--- Records for processing ---
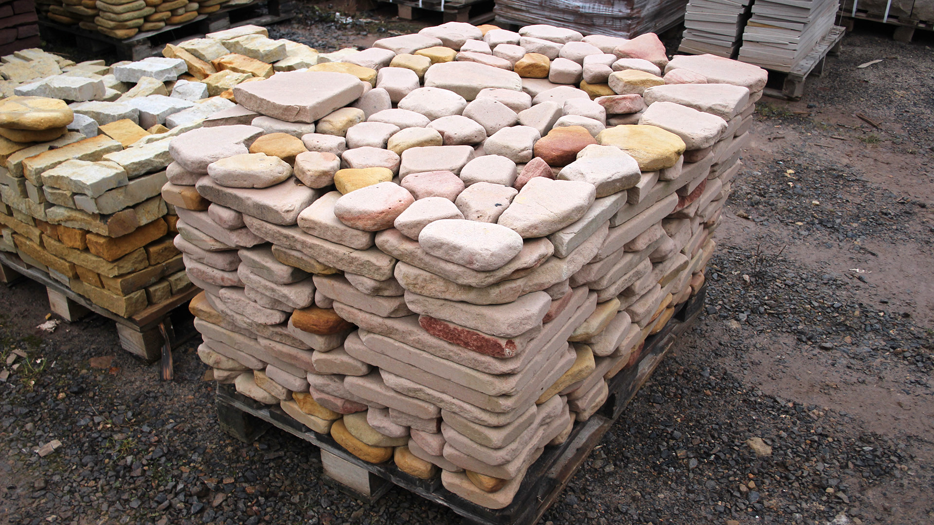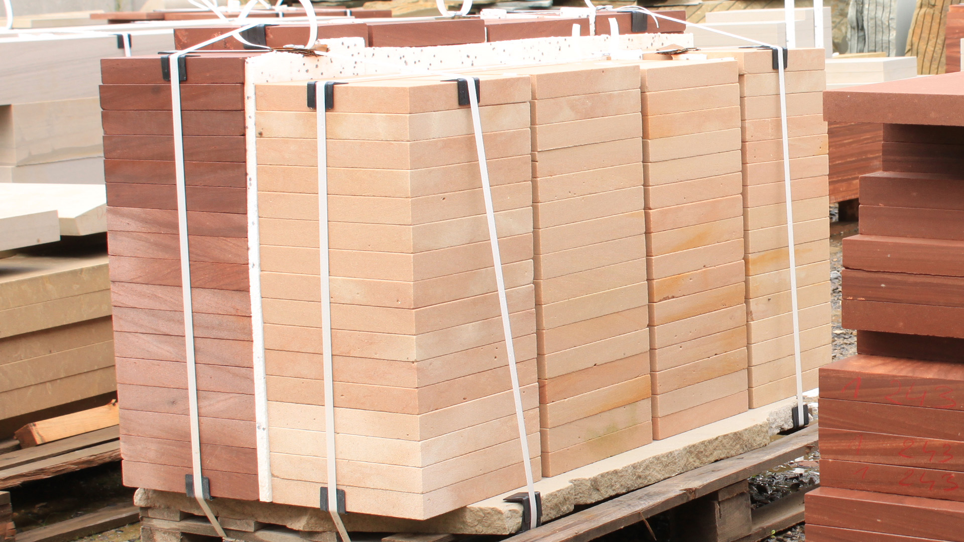 Pink sandstone with a very interesting and warm appearance. This sandstone has higher granularity. Some yellow veins may appear.
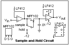 A pretty good S/H can be put together from discrete components, as shown at the right. A more practical discrete sample-and-hold circuit is given in Signal Switching. The LF412 is a dual FET-input op-amp with very small input bias currents. Bipolar op-amps are not suitable, because the input base currents are too large. The circuit is basically two unity-gain buffers, with a hold capacitor between them, and a switch to disconnect the input. The switch is made from a JFET, which does very well. To sample, the gate is connected to the drain (or the source), and to hold, the gate is connected to -V. This is not a very convenient way to control the JFET, but it works for a demonstration. One could also use a MOSFET, such as one of those in the CD4007, but I did not do it here. Control of the MOSFET would be simpler, since the gate could just be connected to +V to sample and -V to hold, because it is isolated. Apply an input voltage with a potentiometer, and watch the output voltage track it while the gate is connected to the drain. When the gate is connected to -V, the output will freeze, and you will note that it droops slowly but steadily. Measure the time required for it to fall by 1 V. I found about 5 minutes, so the droop rate is 3.3 mV/s. This corresponds to a leakage current of only 33 pA, an excellent result.
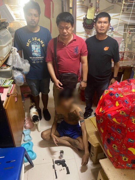 พ.ต.อ.วิชยานนท์ เอกตาแสง ผกก.สน.ท่าข้าม, พ.ต.ท.ธนกร จันรอด รอง ผกก.สส.สน.ท่าข้าม, พ.ต.ท.ไกรฤกษ์ สิทธิโชติ สว.สส.สน.ท่าข้าม และ พ.ต.ต.บัญชา ปิยะศักดิ์สกุล สว.สส.สน.ท่าข้าม สั่งการ ร.ต.อ.นิรันดร์ เมืองใจ รอง สว.สส.สน.ท่าข้าม, ด.ต.พิศิษย์ เย็นเพชร, จ.ส.ต.พิพัฒน์ น้อยเพ็ง, จ.ส.ต.อธิษฐ์ เทียนภู่, ส.ต.อ.ทวีศักดิ์ วีริยากุล, ส.ต.อ.สราวุธ มณีรัตน์ , ส.ต.ท.ชยณัฐ จันรอด และ ส.ต.ท.กันตภณ คำวงค์ศรี ฝ่ายสืบสวน สน.ท่าข้าม จับกุมตัว นาย ธนิน หรือ โฟร์ค ศิลปธรรม อายุ 25 ปี พร้อมของกลาง อาวุธปืน (ไทยประดิษฐ์) ไม่ทราบขนาดจำนวน 1 กระบอก, เครื่องกระสุนปืน ขนาด .32 จำนวน 3 นัด, อาวุธปืน ( ไทยประดิษฐ์ ) ขนาด.32 จำนวน 1 กระบอก และ วัตถุระเบิดแก๊สน้ำตา จำนวน 1 ลูก โดยจับกุมได้ที่ภายในห้องเลขที่ 86/24 โครงการเอื้ออาทร1 ตึก 28 ชั้น 3 แขวง ท่าข้าม เขต บางขุนเทียน กรุงเทพมหานคร
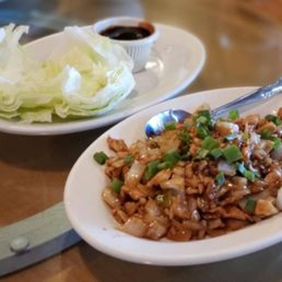 Savory stir-fried minced chicken with water chestnuts, mushrooms, and green onions, served with crisp lettuce cups for wrapping.
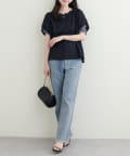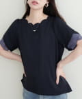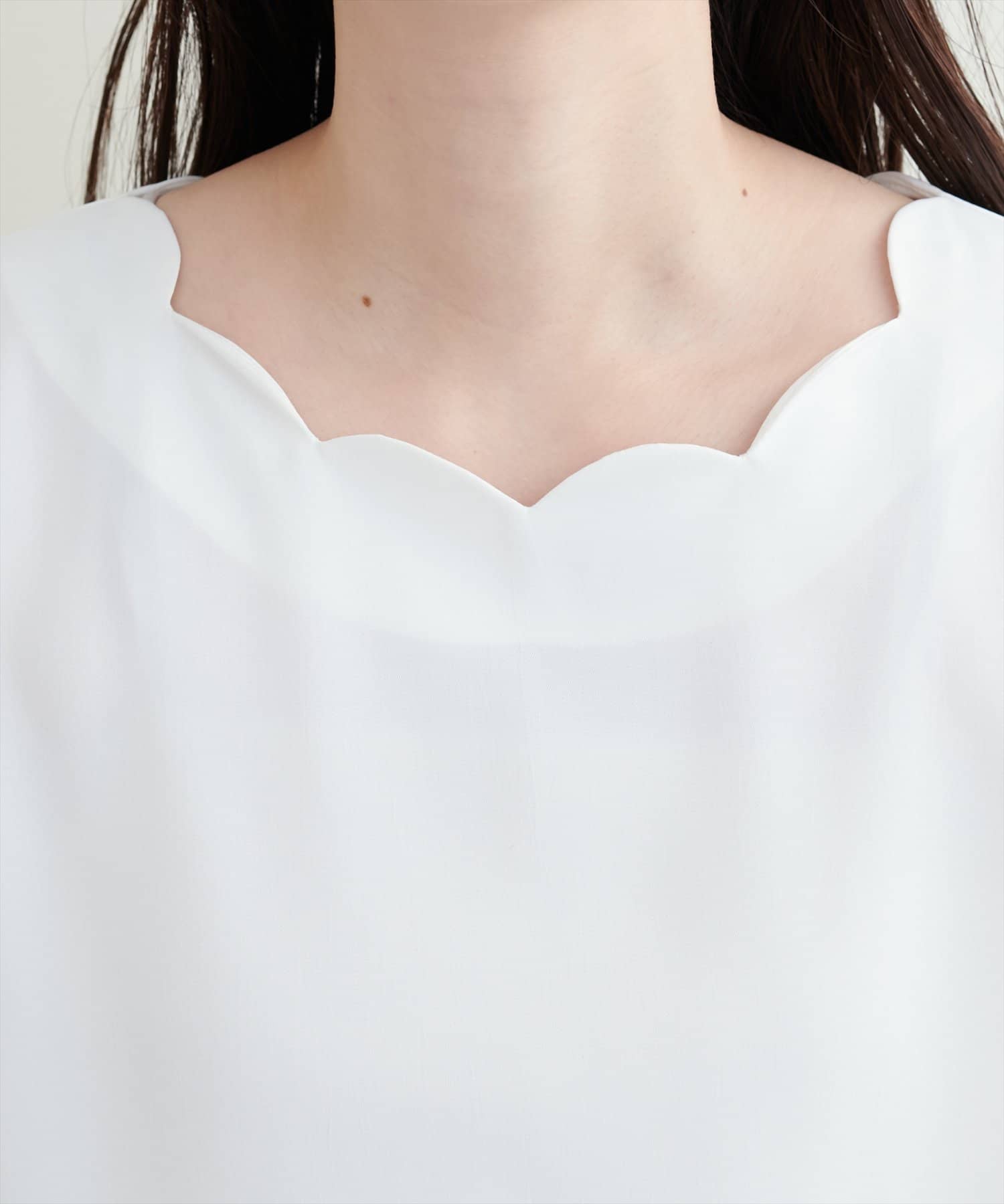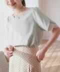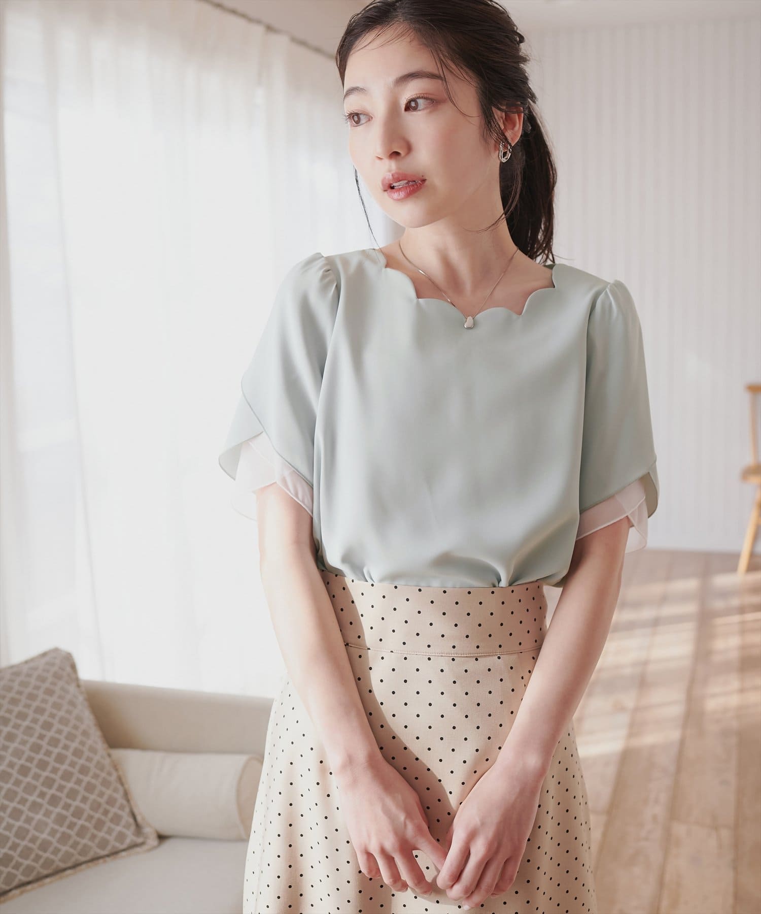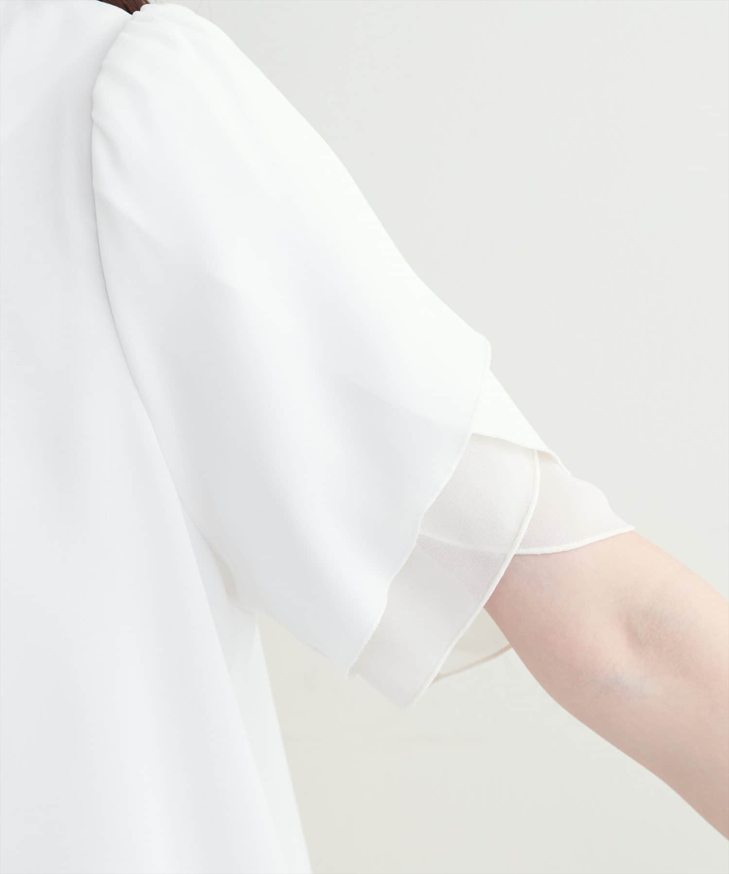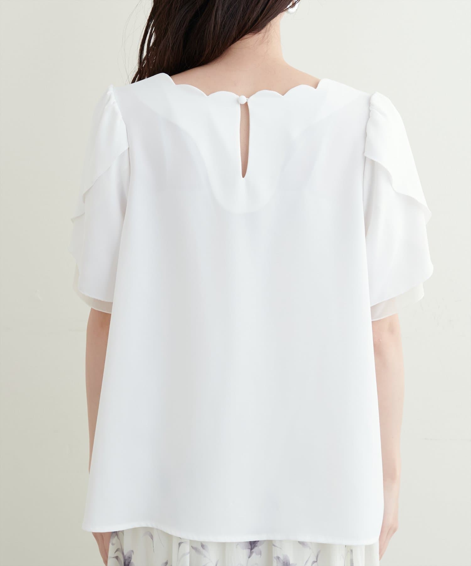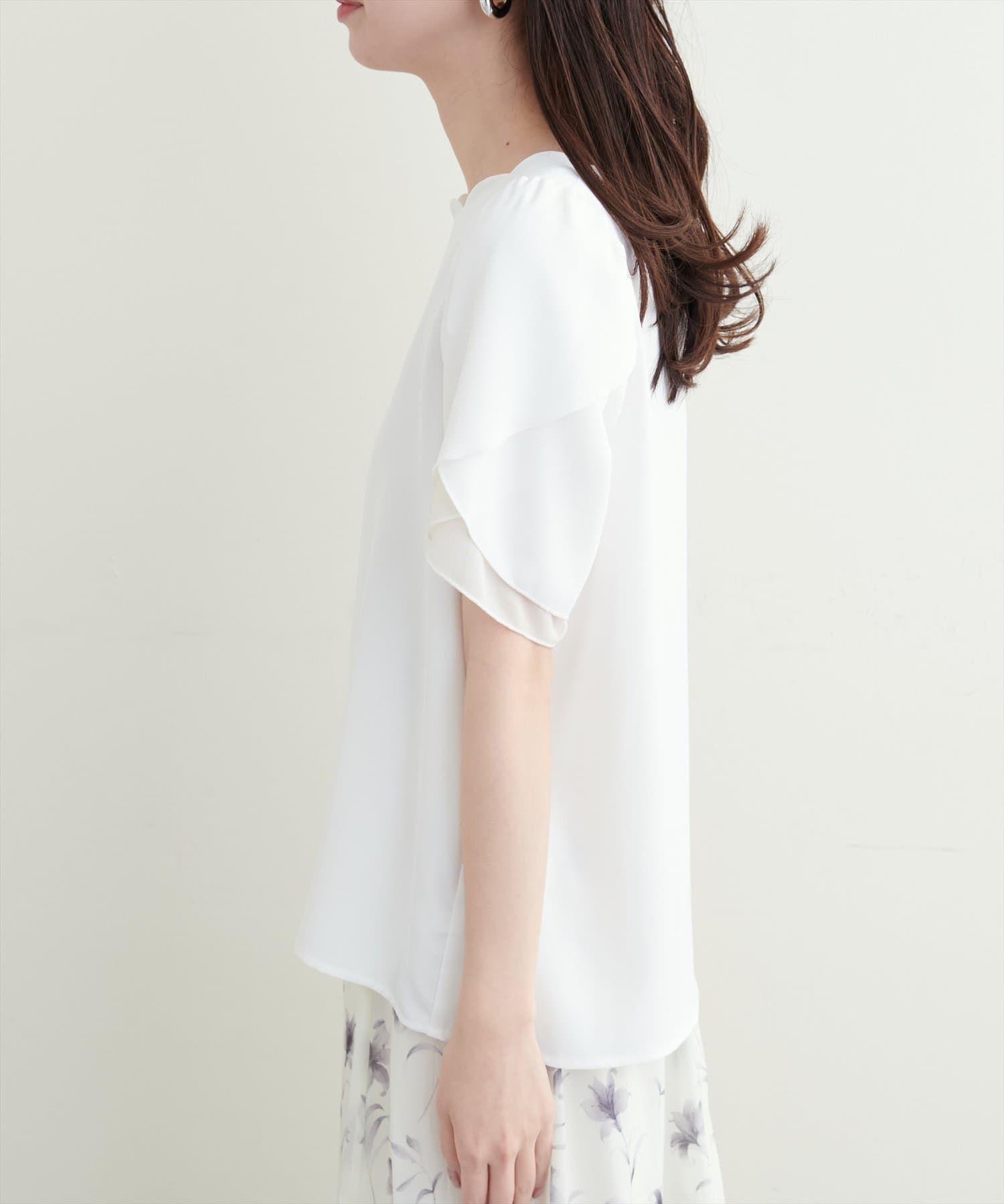 袖にチューリップのようなスリットを施した遊び心のある半袖ブラウス。
---
Work required.
Which lines run from the one containing "Savory stir-fried minced" to the end of the data above? Set down those lines exactly, and only those, without any pictures.

Solution.
 Savory stir-fried minced chicken with water chestnuts, mushrooms, and green onions, served with crisp lettuce cups for wrapping.
 袖にチューリップのようなスリットを施した遊び心のある半袖ブラウス。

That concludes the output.